Another way to think of the situation is this - under normal circumstances, the price of the futures contract is indeed very much a representation of the price of the physical oil. To emphasize in the clearest terms - a  buyer of physical oil can wait until a futures contract nears expiry, buy the futures contract, and receive oil tomorrow or at most, a few days later. So he would have gotten a free lunch if the price in the futures contracts were cheaper than the price in the physicals, and the laws of financial physics preclude such free lunches. So prices in both markets are thus effectively tied to each other. But when this link between the physical world and the financial world has been broken (e.g.
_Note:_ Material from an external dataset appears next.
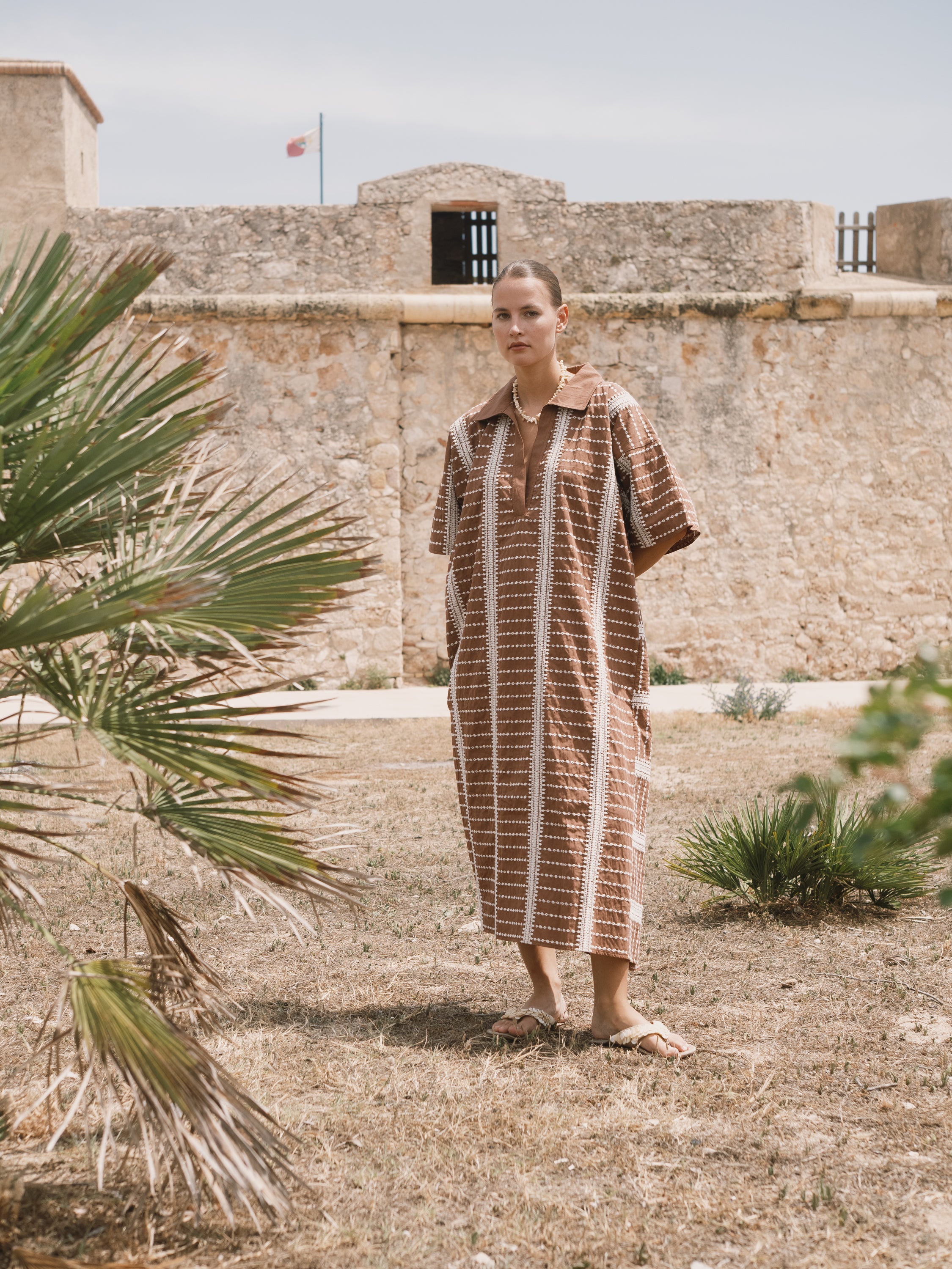 Catania poncho in brown with ethnic vertical stripe embroidery with geometric patterns in a raw tone.

There is no appetite for new transactions of physical oil because the storage tanks are bursting), then what keeps the prices in the two worlds in lock-step with each other has effectively been broken, and thus the price in each of the two worlds become free of each other.

On April 20, the price of the futures contract effectively lost its connection to the price of physical oil, and thereby took on a life of its own. With a sharp imbalance in supply in demand, or perhaps more accurately, with a sharp imbalance in the urgency of the supply and the urgency of the demand, prices took a wild and perhaps unprecedented turn.